# [EXERCISE MATERIAL]
= = = = =

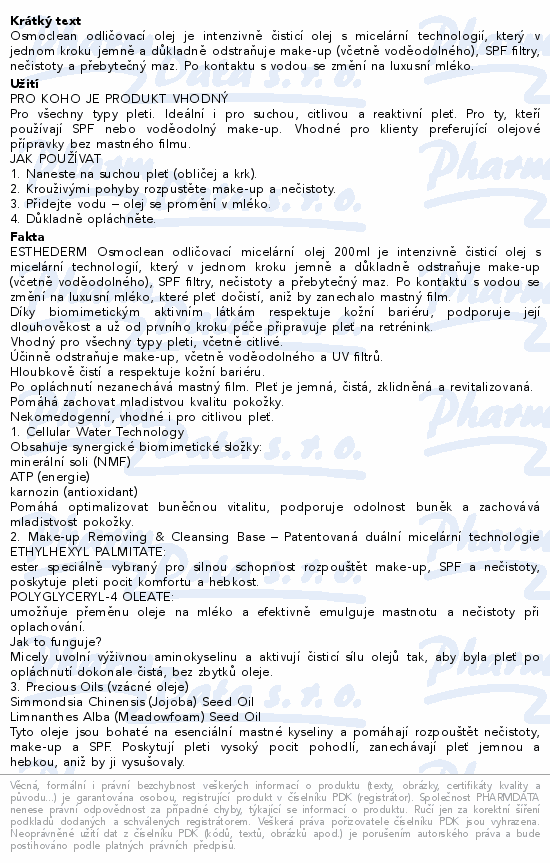 Osmoclean odličovací olej je intenzivně čisticí olej s micelární technologií, který v jednom kroku jemně a důkladně odstraňuje make-up (včetně voděodolného), SPF filtry, nečistoty a přebytečný maz. Po kontaktu s vodou se změní na luxusní mléko.
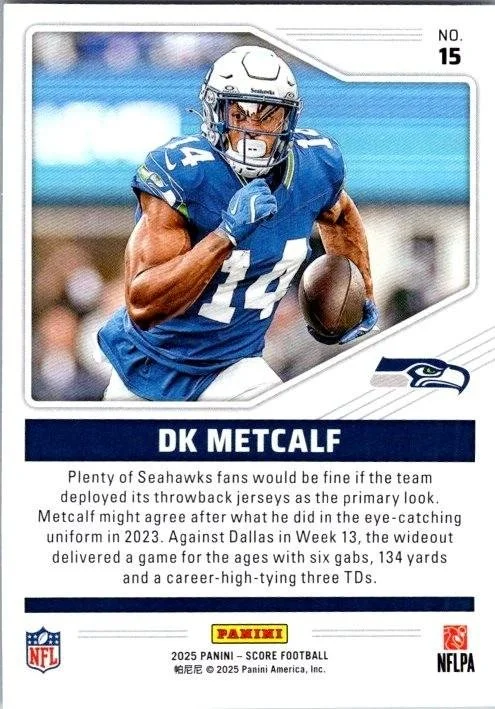 This is a nice example of a 2025 Score #15 DK Metcalf Throwbacks
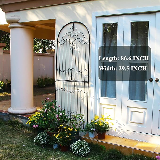 Trellis for Climbing Plants 86.6" H x 29.5" W Tall Garden Trellis Wrought Iron Heavy Scroll Metal Decoration Lawn Patio for Rose Clematis Ivy Weather Resistant
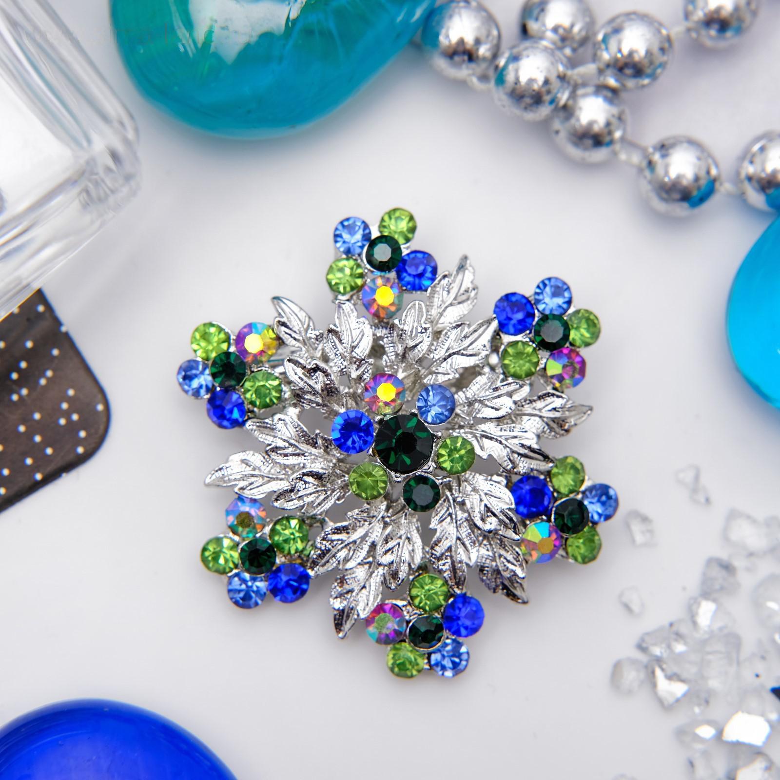 Брошь "Цветок" аралия, цвет сине-зеленый в серебре
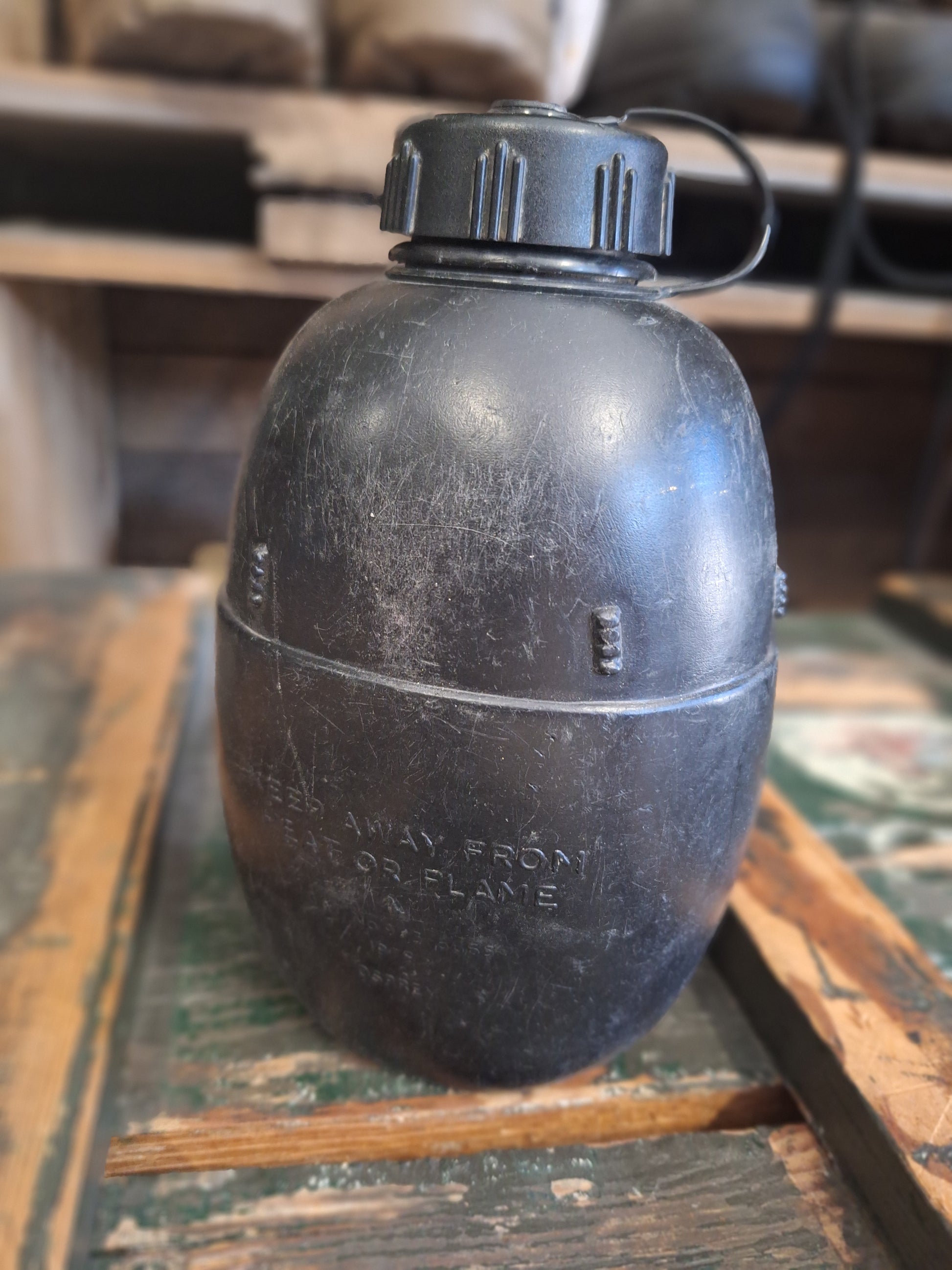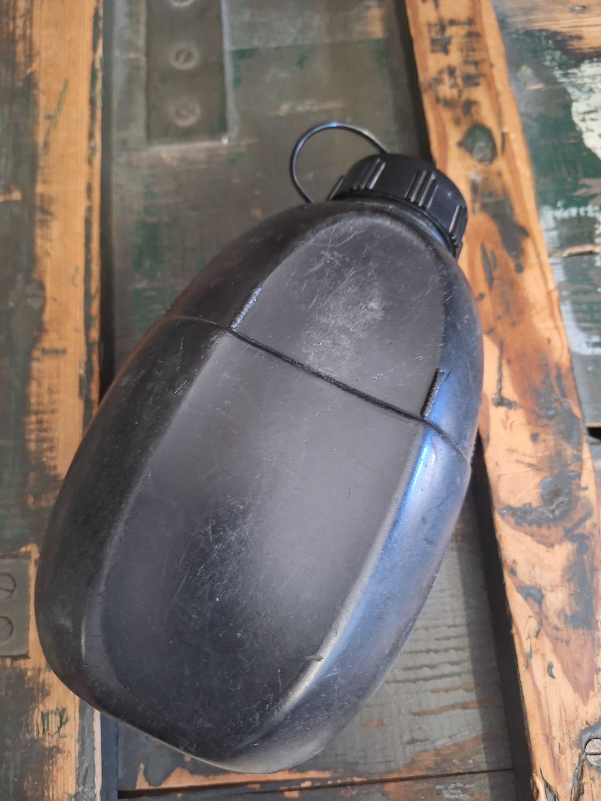 Duża czarna manierka brytyjskiej armii.
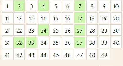 In exemplul nostru am ales 9 numere: 2,4,7,17,24,27,32,33,37 . In momentul de fata, avem 9 filtre care ajuta in selectarea variantelor loto care vor fi generate
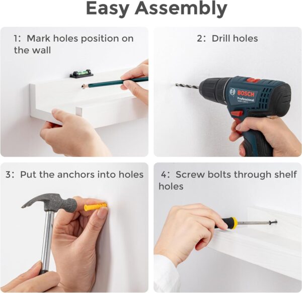 - Sturdy and Easy Installation: These bookshelves are made of durable materials and feature solid wood construction. With the included mounting hardware and simple installation instructions, you can easily install them securely on the wall.
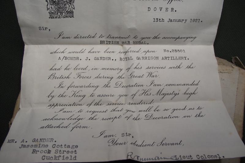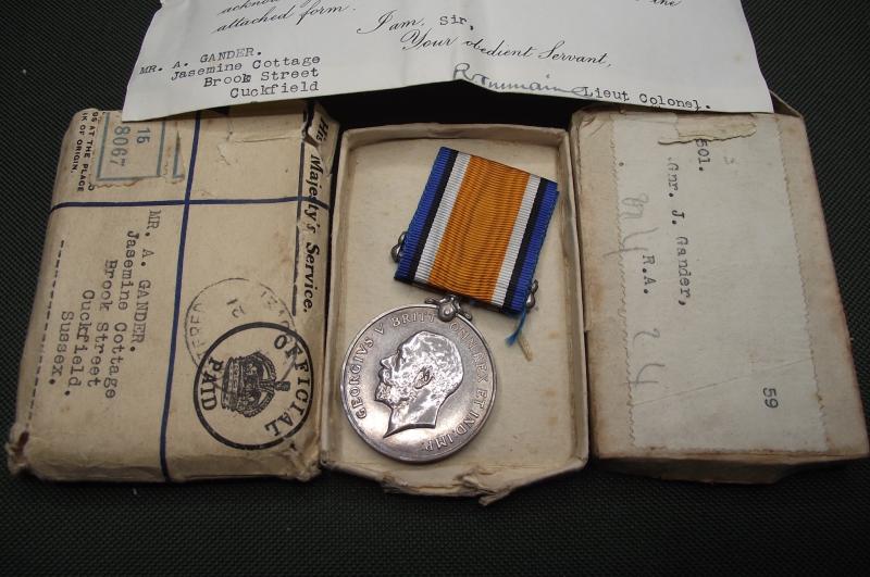 A/BDR Jesse Gander died in India on the 28/12/1915, he was from Sussex. The medal is in very nice condition as is the ribbon, its found in its period medal box and the envelope that was sent to the relatives of Gander. Also comes with its Record Office memorial certificate signed by a Lieut Colonel.
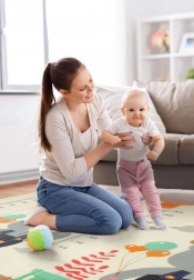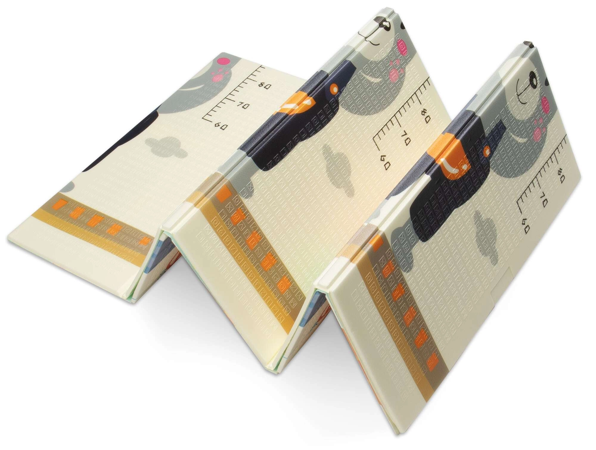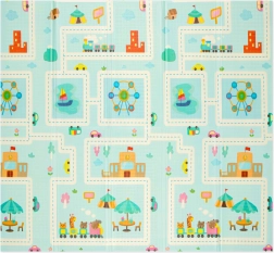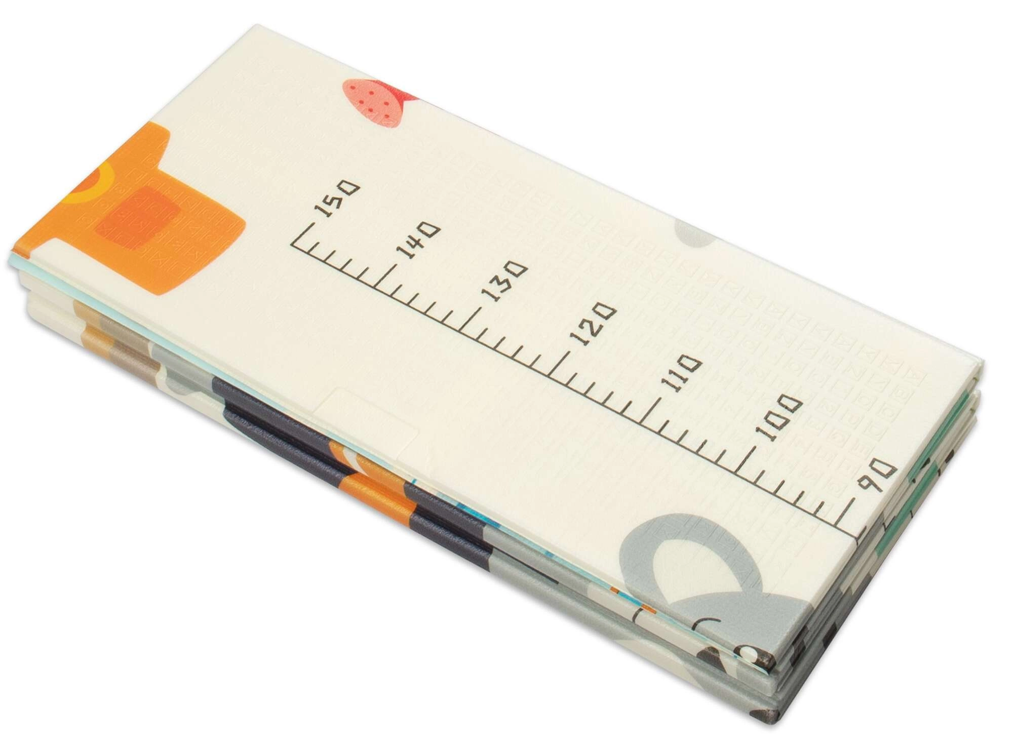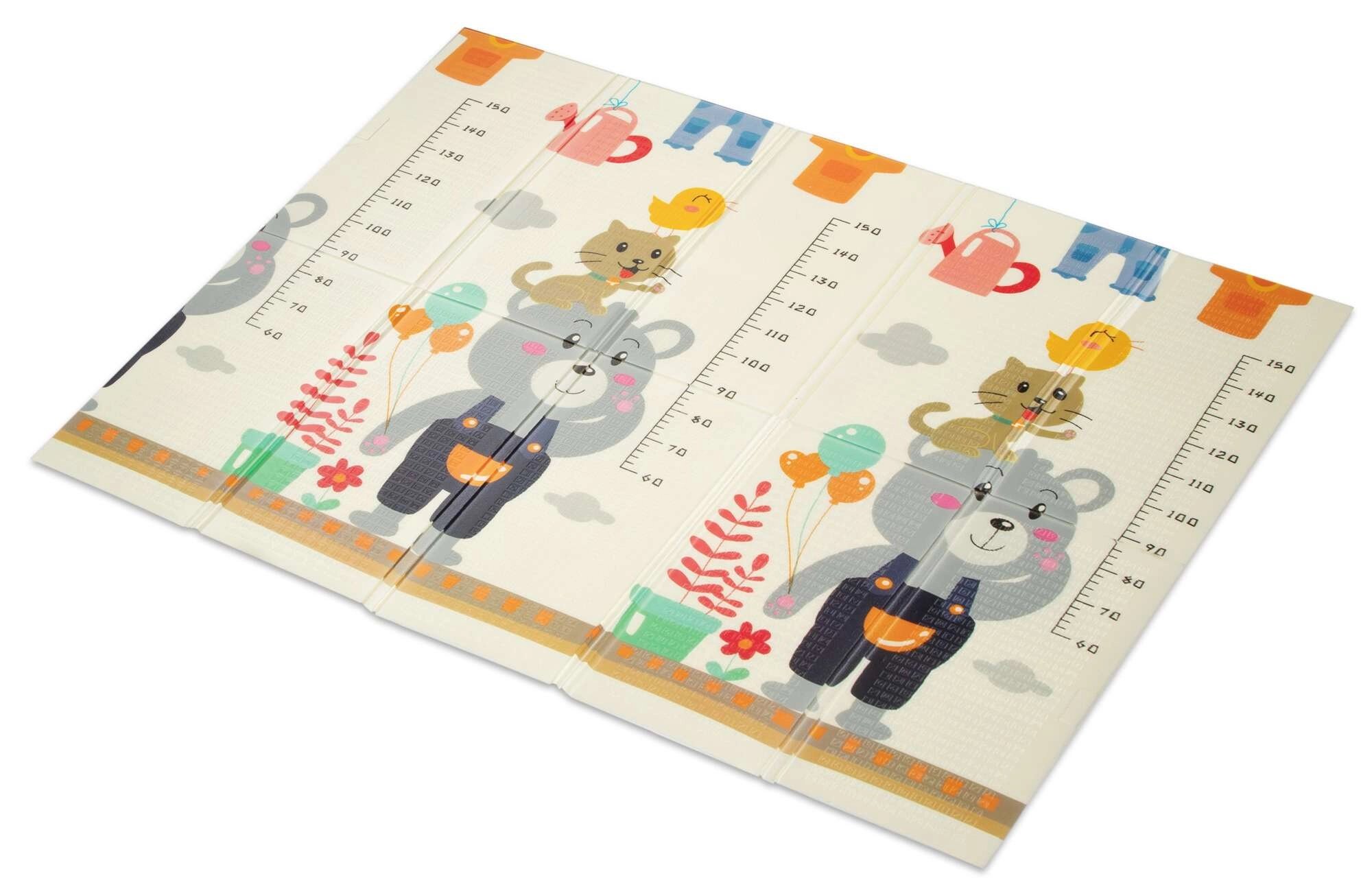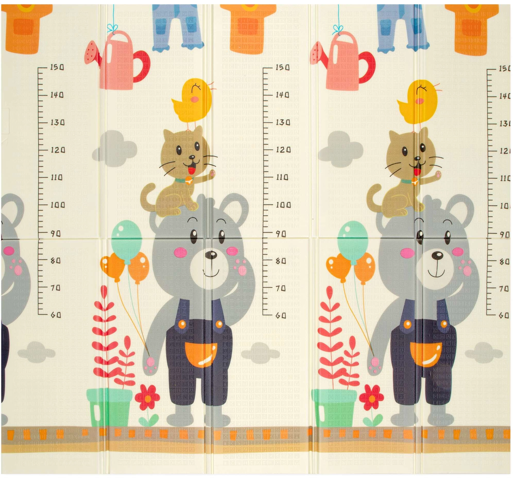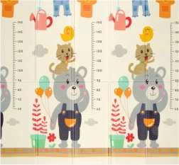 Eén zijde met schattige dieren en een meetlat om de groei te volgen, de andere met straatjes en autootjes om de fantasie tijdens het spelen te stimuleren.

= = = = =

# [DIRECTIONS FOR THIS TASK]
With pictures left out, repeat exactly the lines from the line bearing "сине-зеленый в серебре" through the final line of the records above.

# [RESULT FOR THIS EXERCISE]
 Брошь "Цветок" аралия, цвет сине-зеленый в серебре
 Duża czarna manierka brytyjskiej armii.
 In exemplul nostru am ales 9 numere: 2,4,7,17,24,27,32,33,37 . In momentul de fata, avem 9 filtre care ajuta in selectarea variantelor loto care vor fi generate
 - Sturdy and Easy Installation: These bookshelves are made of durable materials and feature solid wood construction. With the included mounting hardware and simple installation instructions, you can easily install them securely on the wall.
 A/BDR Jesse Gander died in India on the 28/12/1915, he was from Sussex. The medal is in very nice condition as is the ribbon, its found in its period medal box and the envelope that was sent to the relatives of Gander. Also comes with its Record Office memorial certificate signed by a Lieut Colonel.
 Eén zijde met schattige dieren en een meetlat om de groei te volgen, de andere met straatjes en autootjes om de fantasie tijdens het spelen te stimuleren.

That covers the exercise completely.